11. A system as in claim 5, the dividing wall extending
longitudinally upstream relative to the passage to at least the
location of the deactivation valve to define a predetermined volume
in the secondary runner between the port opening and the
deactivation valve, the predetermined volume being less than 15% of
the cylinder displaced volume so as not to diminish the effect of
the induction velocity of the air through the primary runner when
the deactivation valve is closed.
Description
This invention relates in general to intake manifolding for an
automotive type internal combustion engine. More particularly, it
relates to one in which an intake valve port opening is connected
to an ambient air inlet by a passage that is split into primary and
secondary runners by a wall for controlling flow volume as well as
swirl intensity of an air/fuel charge flowing into the port
opening. The secondary runner contains a flow deactivation valve
for controlling the intensity of the swirl as well as the total air
flow to the intake port opening, the cross-sectional area of the
primary runner and the volume of the secondary runner being tightly
controlled, as is the geometric configuration, to provide optimum
gasoline engine performance at high speed, maximum power, as well
as at low speed, light load conditions.
The use of dual manifolds to control air flow/fuel to a single
intake valve port opening, with the secondary manifold being
controlled by a valve, to control swirl and engine charge burn
rates, is known. For example, U.S. Pat. No. 4,550,699, Okumura et
al, shows an engine with two intake valves, 6a and 6b, each having
dual manifold air inlets, with the secondary passages being
controlled by a rotary control valve. At one point, the secondary
passage appears as large as the primary passage; furthermore, the
secondary passage has a large volume between the deactivation
control valve and the intake port opening which leads to large
engine pumping losses when the valve is closed. No indication is
given of the size of the primary and secondary passages to provide
the flow velocity and volume necessary for the desired swirl.

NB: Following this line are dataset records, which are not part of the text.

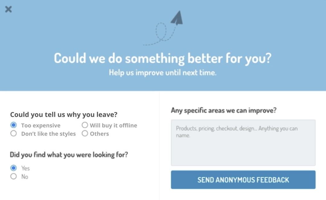在实操过程中,你可以在用户准备放弃购物车或者准备离开网站时弹出一个表单,通过1-2个简短的问题来收集更多信息。这里我们建议表单中收集的信息应该与他们离开的直接原因相关,也可以问问如果你做什么可以改变他们的想法和行为。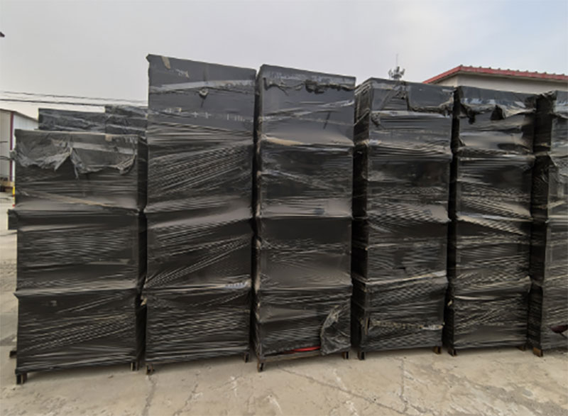 - Zwarte plastic folie beschermt de machine ook tegen regen en zonneschijn.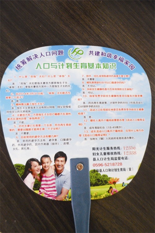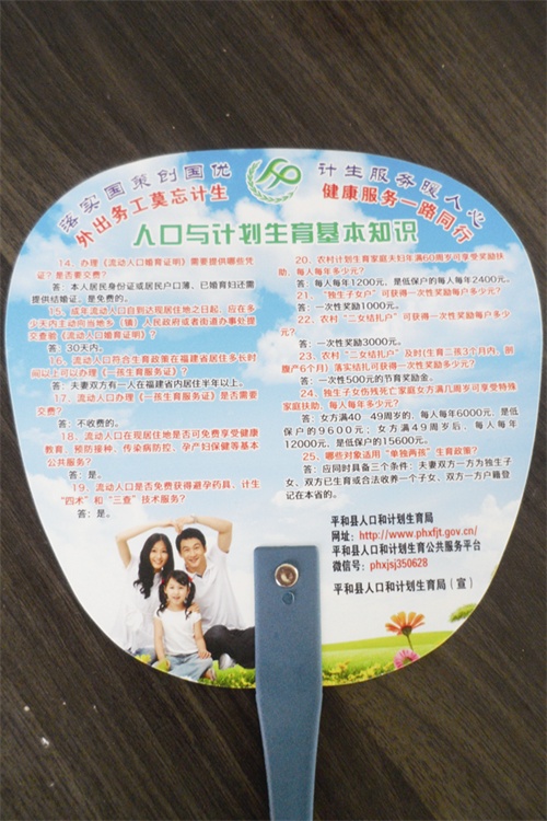 当前,我县在开展创建“全国计划生育优质服务先进县”工作中,特制平和特产蜜柚形状、彩色图文并茂“计生纸扇”7万个,长20厘米、宽18厘米,纸扇两面精心设计25条人口与计划生育基本知识问答题,并印制平和县人口和计划生育局网址、平和县人口和计划生育公共服务微信平台。
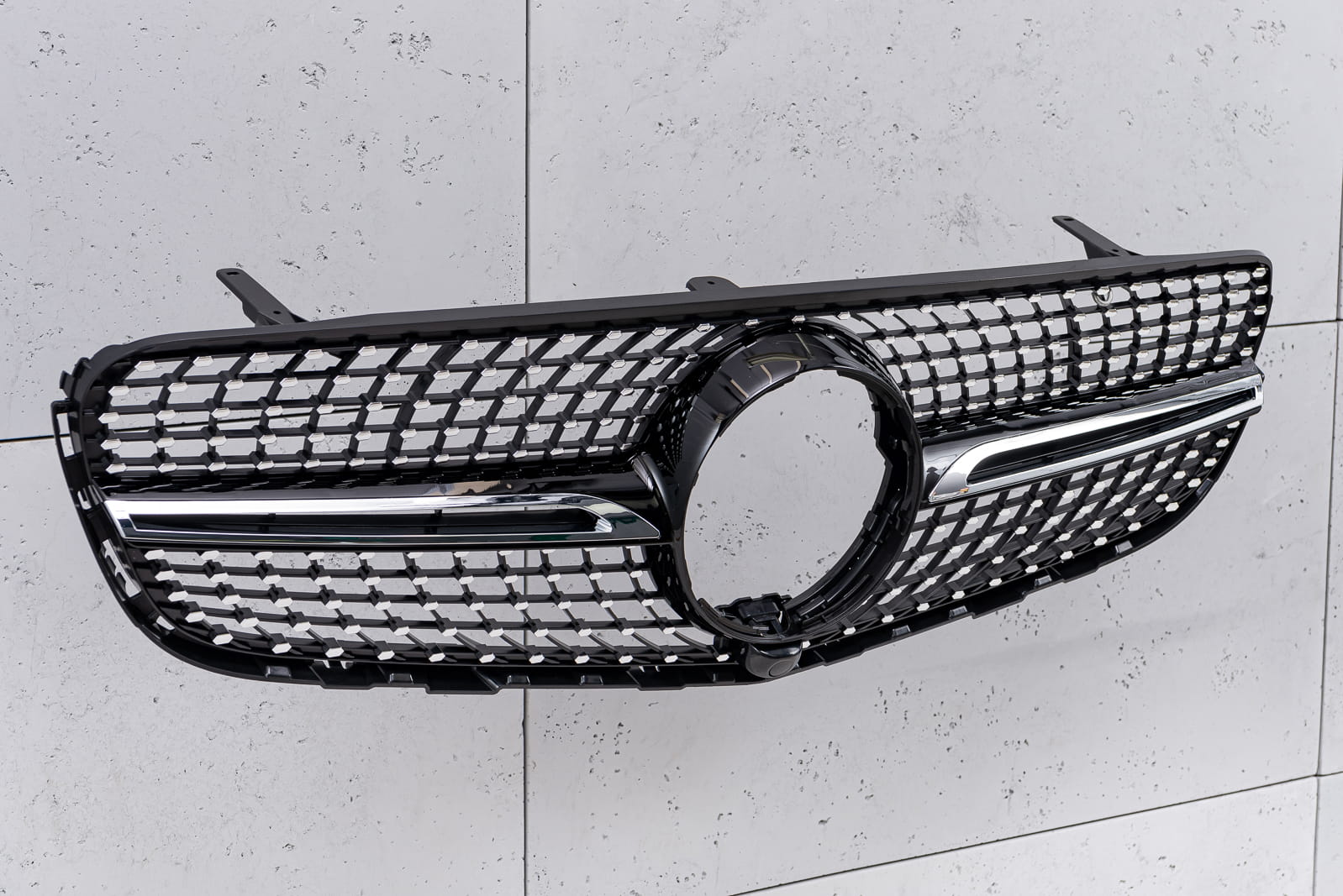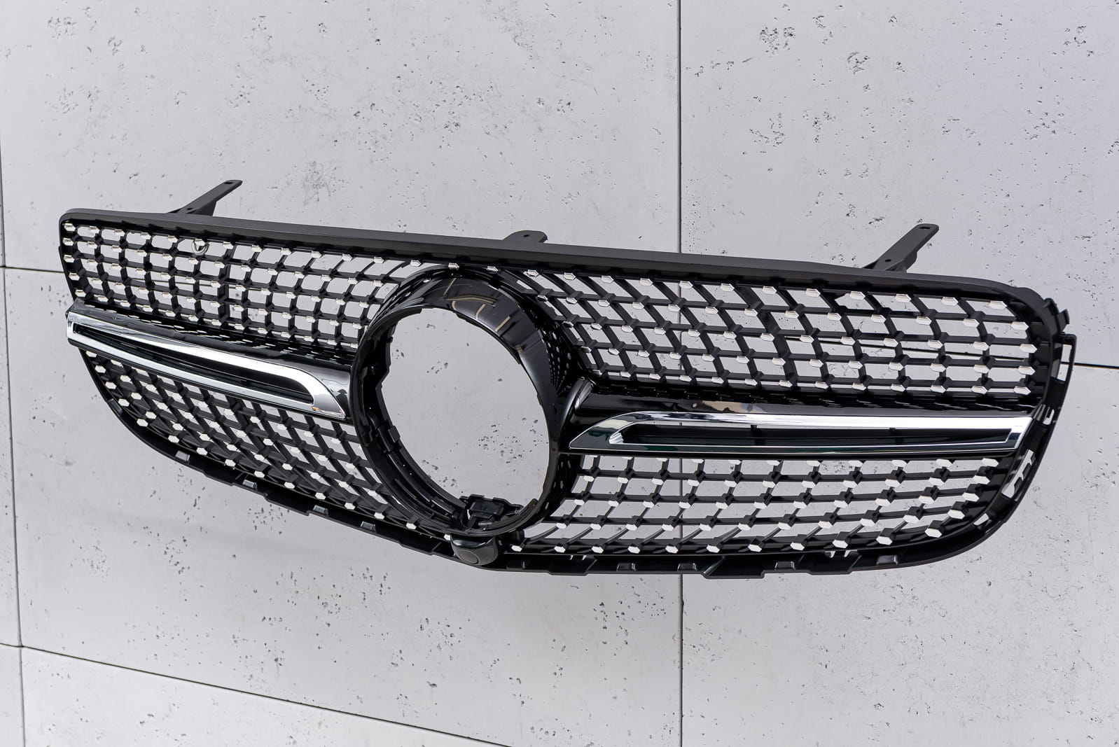 Produkt wykonany jest z wysokiej jakości tworzywa ABS w kolorze czarnym, z chromowanymi elementami. Znaczek MERCEDES nie jest częścią zestawu. Grill DIAMOND jest częścią zamienną, montowaną w miejsce fabrycznego grilla. Zalecamy montaż profesjonalny.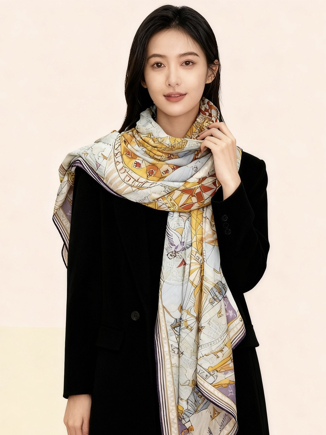 本款LVxTMMonogram Multicolor披肩出自路易威登与知名日本艺术家村上隆的合作系列,为轻柔丝绒混纺浸染素净色调,再以缤纷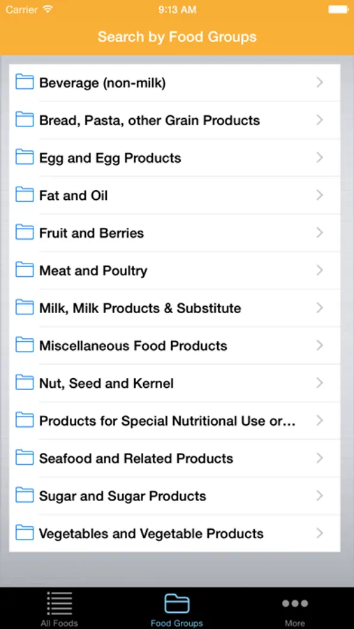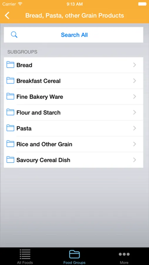 • Search by Free Text or Food Groups (13 Main Groups and over 80 Subgroups)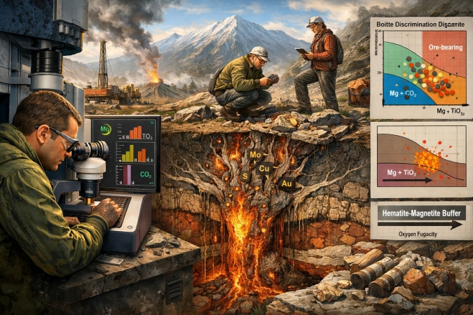 Показано, что широко применяемые дискриминационные диаграммы по составу биотита имеют ограниченную применимость из-за сильного перекрытия полей рудных и безрудных пород. Предложена новая дискриминационная диаграмма, основанная на результатах статистического анализа, где ключевыми параметрами являются содержания F, CO₂, Mg и TiO₂. Апробация диаграммы показала высокую степень корректной классификации для медно-порфировых систем и удовлетворительные результаты для молибден-порфировых. Сделан вывод о перспективности комплексного использования состава биотита при выделении фертильных порфировых магматических систем, при необходимости дальнейшей верификации предложенных критериев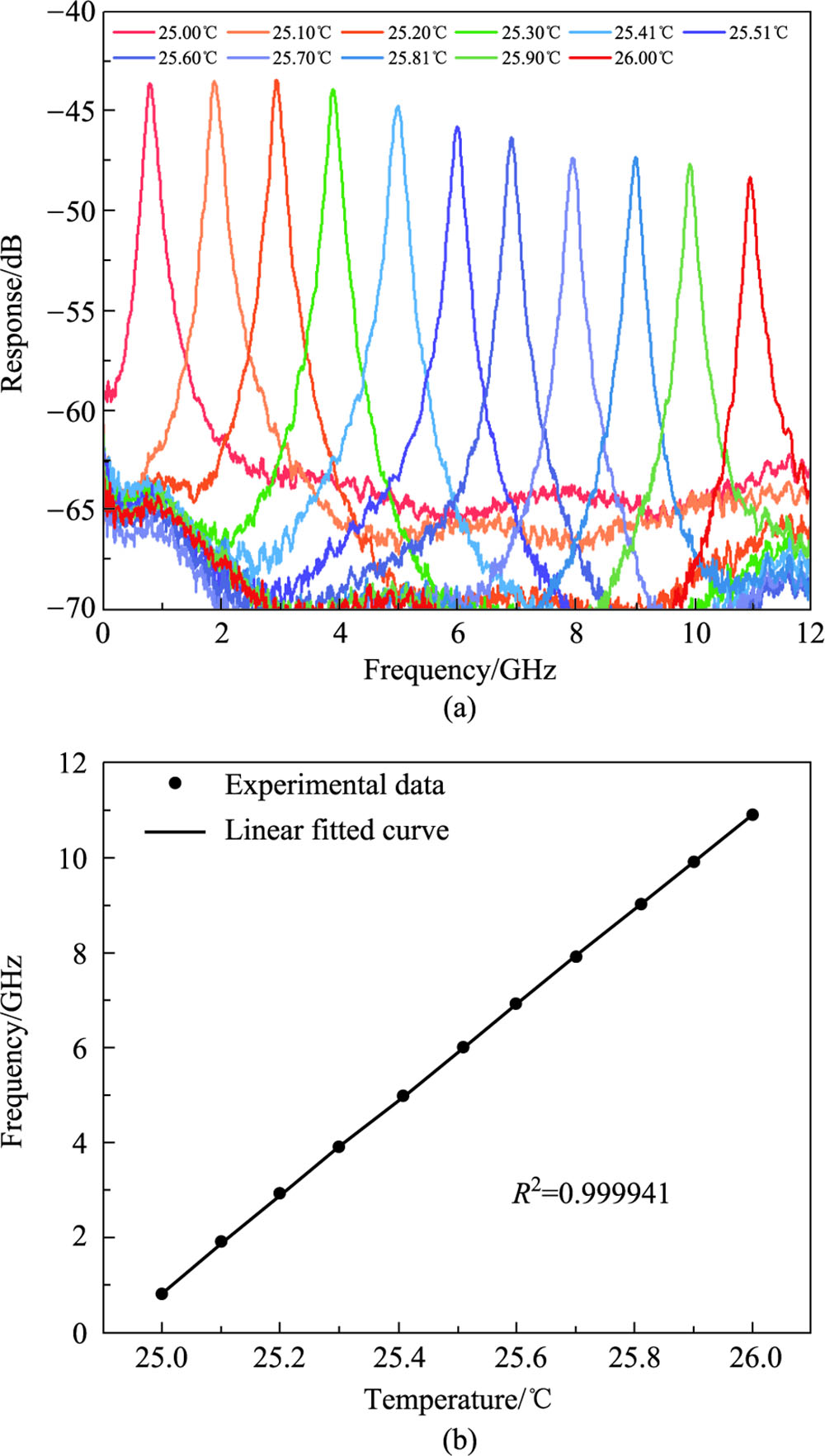 Microwave photonic sensors are promising for improving sensing resolution and speed of optical sensors. In this paper, a high-sensitivity, high-resolution temperature sensor based on microwave photonic filter (MPF) is proposed and demonstrated. A micro-ring resonator (MRR) based on silicon-on-insulator is used as the sensing probe to convert the wavelength shift caused by temperature change to microwave frequency variation via the MPF system. By analyzing the frequency shift with high-speed and high-resolution monitors, the temperature change can be detected. The MRR is designed with multi-mode ridge waveguides to reduce propagation loss and achieves an ultra-high Q factor of 1.01 × 106. The proposed MPF has a single passband with a narrow bandwidth of 192 MHz. With clear peak-frequency shift, the sensitivity of the MPF-based temperature sensor is measured to be 10.22 GHz/℃. Due to higher sensitivity and ultra-narrow bandwidth of the MPF, the sensing resolution of the proposed temperature sensor is as high as 0.019 ℃.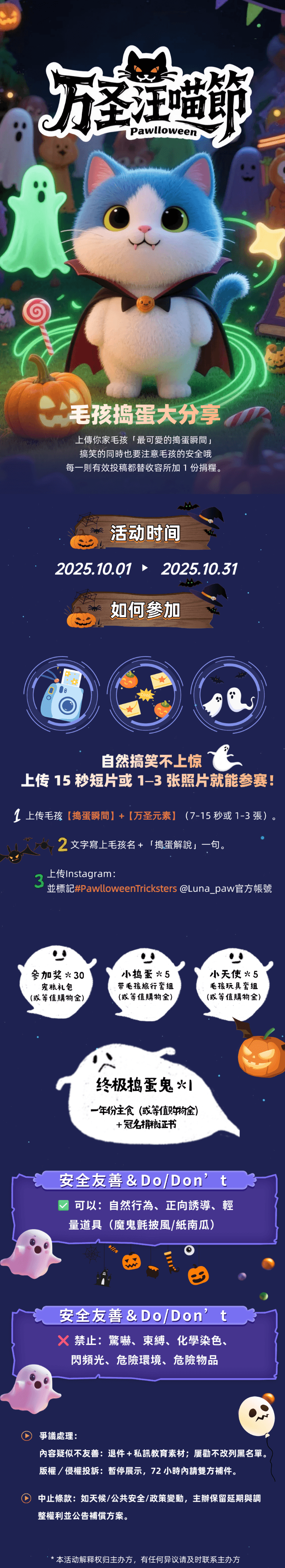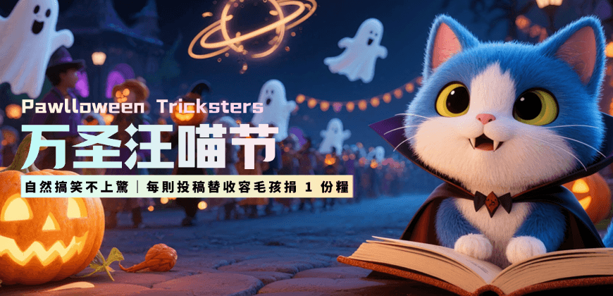 「Pawlloween 萬聖喵汪祭開跑!用最安全可愛的萬聖造型,拍 15 秒短片或 1–3 張照片,上傳打卡 #PawlloweenChallenge ,就有機會抱走寵糧大禮包,還能替收容毛孩加碼捐糧!」
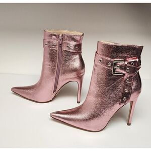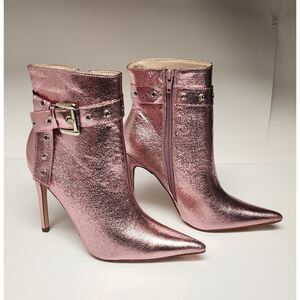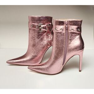CHASE AND CHLOE Adonis-3 Buckle Pointed Toe Bootie Metallic Pink Size US 6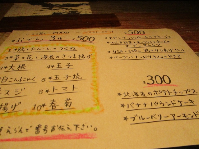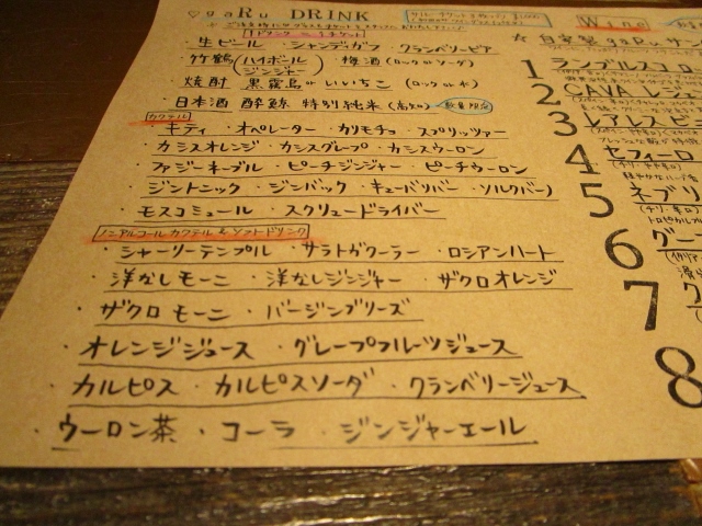 3枚1000円のチケットでドリンクと交換。サルーのドリンクメニューはは焼酎、日本酒(熱燗のみ)、梅酒など。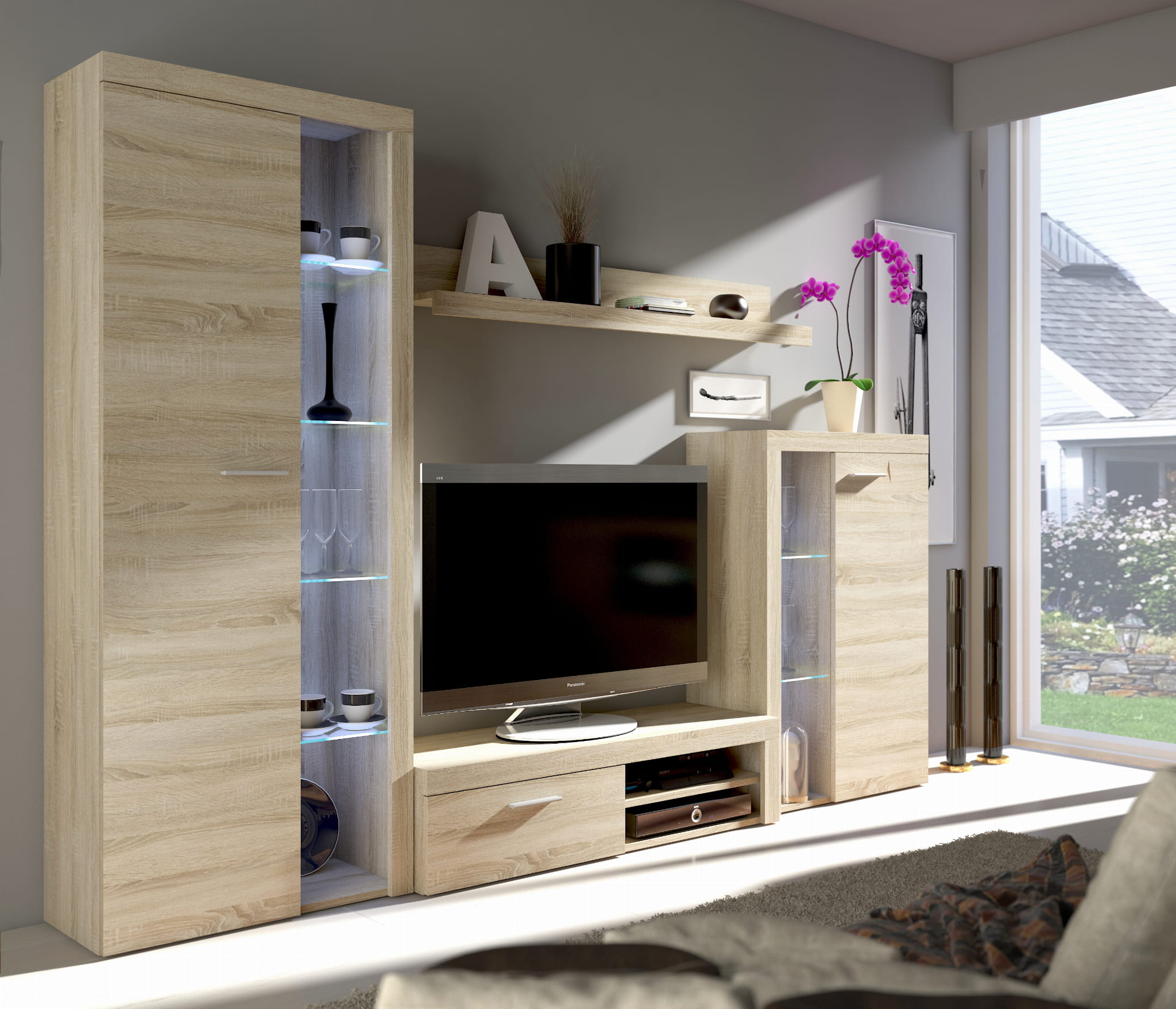 System składa się z 4 oddzielnych elementów, które można dowolnie zestawiać, tworząc własne, dopasowane do wnętrza aranżacje. Znakomicie odnajdzie się w salonie, pokoju dziennym, biurze czy gabinecie.

U.S. Pat. No. 4,543,931, Hitomi et al, shows an engine intake
manifolding system including a horizontally positioned partition
member 14 that divides the manifold into primary and secondary
runners, the secondary runner having a deactivation flow valve 15.
It will be noted that the partition does not extend to the valve
stem and therefore effects a recombination of the air streams in
both channels prior to the intake valve port opening, which
suppresses the generation of swirl. Again, there is no indication
of the relative sizes of the primary and secondary passages to
assure sufficient swirl at low speed, light load conditions, or the
specific geometric configurations also necessary to control the
swirl desired.
U.S. Pat. No. 4,256,062, Schafer, shows primary and secondary
intake manifold runners directing air to an engine intake manifold
port opening, a common wall defining the two runners, and
deactivation valve means to control flow through the runners. In
this case, a large volume of the secondary runner when the
deactivation valve is closed diminishes the effect of the swirl
generated by the primary passage. Also, the small cross-sectional
area of the secondary passage leads to increased engine pumping
losses. Also, the geometric configurations are not indicated that
lead to a design to provide the proper swirl at low speed, light
load conditions.
U.S Pat. No. 4,499,868, Kanda et al, shows primary and secondary
engine intake manifold runners connected to a single intake valve
port opening and defined by a partition or wall 19 and a
deactivation valve in the secondary passage. However, the dividing
wall extends downwardly only a portion of the intake passage and
does not define distinct primary and secondary passages that will
control swirl rate in a desired manner.
From the above, it will be seen that there is no teaching in any of
the references of the specific configuration and cross-sectional
areas and volumes of the various passages to control swirl in a
manner to maximize engine operating efficiency at both maximum and
minimum operating conditions.
Therefore, it is a primary object of the invention to provide an
engine manifolding construction that includes dual manifolding to a
single engine intake valve opening, wherein the cross-sectional
area of the primary passage or runner is between 40%-50% of the
total cross-sectional area of the intake valve port opening for
minimizing engine pumping losses when the deactivation valve is
closed, and wherein the secondary passage volume between the
deactivation valve and the intake port opening is less than 15% of
the cylinder displaced volume so as not to diminish the intensity
of the swirl generated by the primary passage; and wherein other
critical dimensions are provided for effecting the desired amount
of swirl to control engine burn rates.
Other objects, features and advantages of the invention will become
more apparent upon reference to the succeeding, detailed
description thereof, and to the drawings illustrating the preferred
embodiment thereof; wherein:
FIG. 1 is a cross-sectional view, schematically illustrated, of a
portion of an engine embodying the invention;
FIG. 2 is a cross-sectional view taken on a plane indicated by and
viewed in the direction of the arrows 2--2 of FIG. 1;
FIG. 3 is a view similar to FIG. 1;
FIGS. 4 and 5 are views corresponding to FIGS. 1 and 2,
respectively;
FIG. 6 includes multiple cross-sectional views indicated by
corresponding numbers and taken on respective planes indicated by
and viewed in the direction of the corresponding arrows in FIGS. 4
and 5;
FIG. 7 is a chart graphically comparing various engine operating
characteristics with changes in area ratio; and
FIGS. 8 and 9 are further graphical illustrations comparing intake
valve lift with engine air/fuel swirl and flow rates.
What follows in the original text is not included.